Exercise 1. (Henan Experimental Zone) 23. As shown in the figure, a parabola with a straight axis of symmetry passes through this point.

A (6 6,0) and B (0 0,4).

(1) Find the parabolic analytical formula and vertex coordinates;

(2) Let point E (,) be the moving point on the parabola, located in the fourth quadrant, and the quadrilateral OEAF is a parallelogram with OA as the diagonal. Find the functional relationship of the area s sum of parallelogram OEAF, and write the range of independent variables.

① When the area of the parallelogram OEAF is 24, please judge whether the parallelogram OEAF is a diamond?

② Is there a point E that makes the parallelogram OEAF square? If it exists, find the coordinates of point e; If it does not exist, please explain why.

Exercise 2. Deyang City, Sichuan Province, 25. As shown in the figure, it is known that the vertex of the parabola that intersects the axis at points and is, the parabola is symmetrical with the axis, and the vertex is.

(1) Find the function relation of parabola;

(2) It is known that the origin, the fixed point, the point on the plane and the point on the plane are always symmetrical, so when the point moves, the quadrilateral with the point as the vertex is a parallelogram?

(3) Is there anything in the world that makes it a right triangle with a hypotenuse and an angle? If it exists, find the coordinates of the point; If it does not exist, explain why.

Exercise 3. (Shanxi Volume) As shown in the figure, it is known that the intersection of parabola and coordinate axis is,,.

(1) Find the analytical formula of parabola symmetrical about the origin;

(2) Let the vertex of the parabola be, the parabola and the axis intersect at two points respectively (the point is on the left side of the point), the vertex be, and the area of the quadrilateral be. If it is a point, the point will move left and right in the horizontal direction at the speed of 1 unit per second; At the same time, the point and the point move up and down in a fixed direction at a speed of 2 units per second until the point and the point coincide. Find the relationship between the area of quadrilateral and the movement time, and write the range of independent variables.

(3) When the value is, the area of the quadrilateral has a maximum value, and find this maximum value;

(4) Can a quadrilateral form a rectangle in the process of movement? If yes, find the value at this time; If not, please explain why.

2. Quadratic function and the area of quadrilateral

Example 1. (Ziyang) 25 As shown in figure 10, it is known that the parabola P: Y = AX2+BX+C (A ≠ 0) intersects with the X-axis at points A and B (point A is on the positive semi-axis of the X-axis), intersects with the Y-axis at point C, and one siDE de of the rectangle deFG is on the line segment AB.

x…-3-2 1 2…

y…-

-4 -

0 …

(1) Find the coordinates of points A, B and C;

(2) If the coordinate of point D is (m, 0) and the area of rectangular DEFG is S, find the functional relationship between S and M, and point out the range of M;

(3) When the area S of the right-angle DEFG is the largest, connect DF and extend to point M, so that FM=k?
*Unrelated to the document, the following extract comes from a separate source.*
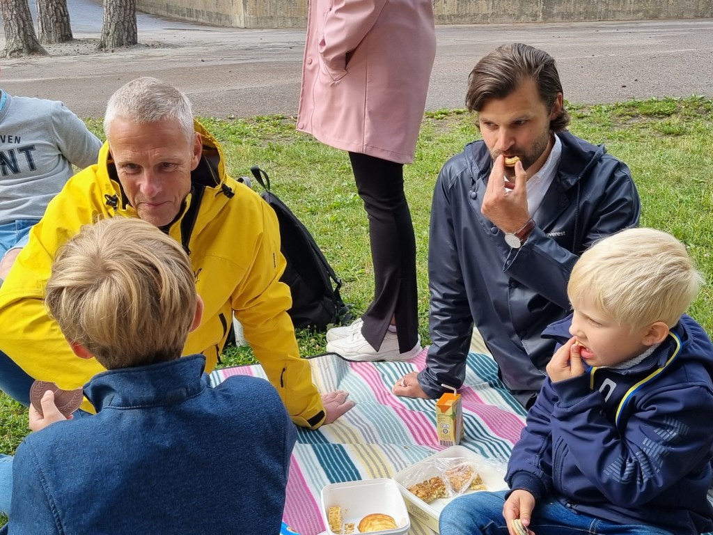 Årets skolavslutning skedde utomhus som vanligt men i år lyste solen med sin frånvaro. Det regnade lite till och från men var mestadels uppehåll som tur var. Man får inte lägga upp några foton från själva sången med alla barn, men Charles ville ju vara avslutningsfin och stod och huttrade i kortärmad skjorta. Vid fikat tog han på sig en jacka i alla fall.
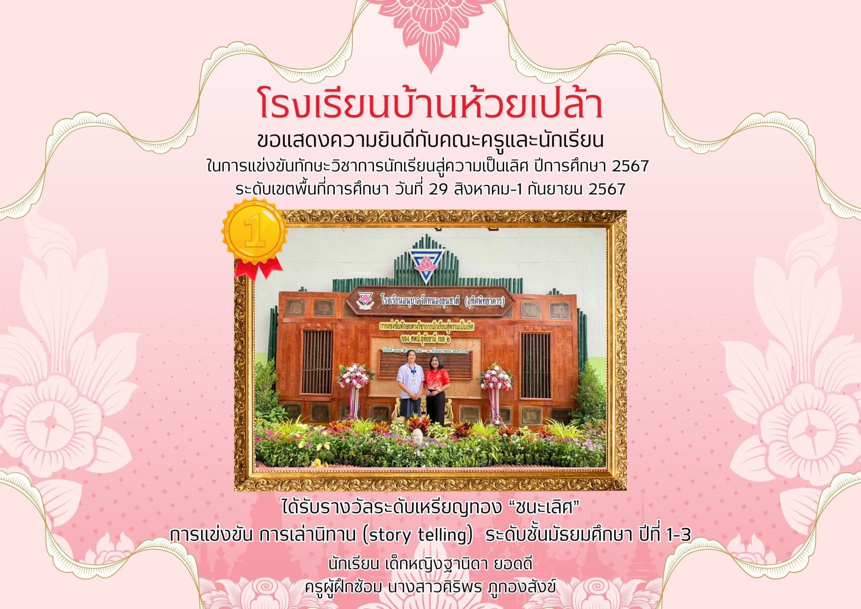 ชนะเลิศ เหรียญทอง การแข่งขันการเล่านิทาน ประเภทนักเรียนที่มีความบกพร่องทางร่างกายฯ ระดับ ม.1-ม.3

DF, if point m is not on parabola p, find the range of k.

Exercise 1. (Question 26, Twelve Cities in Liaoning Province, 2007). As shown in the figure, there is a right-angled trapezoid OMNH in the plane rectangular coordinate system, and its coordinates are H point (-8,0) and N point (-6,4).

(1) Draw a graph OABC in which the right-angled trapezoid OMNH rotates180 around point O, and write the coordinates of vertices A, B and C (point M corresponds to point A, point N corresponds to point B and point H corresponds to point C);

(2) Find the expression of parabola passing through points A, B and C;

(3) Intercept CE=OF=AG=m, E, F and G are on line segments CO, OA and AB, respectively. Find the functional relationship between quadrilateral BEFG area S and M, and write the range of independent variable M; Is there a minimum area s? If it exists, request this minimum value; If it does not exist, please explain the reason;

(4) In the case of (3), whether the adjacent sides of the quadrilateral BEFG are equal, if so, please directly write the value of m at this time and point out the equal adjacent sides; If it does not exist, explain why.

Exercise 3. As shown in the figure, the side length of a square is, and there is a nail moving point in the center of symmetry. At the same time, starting from a point, the point moves at a speed of every second in the direction and stops at the point, and the point moves at a speed of every second in the direction and stops at the point. The two points are connected by a flexible thin rubber band, and the area swept by the rubber band after seconds is.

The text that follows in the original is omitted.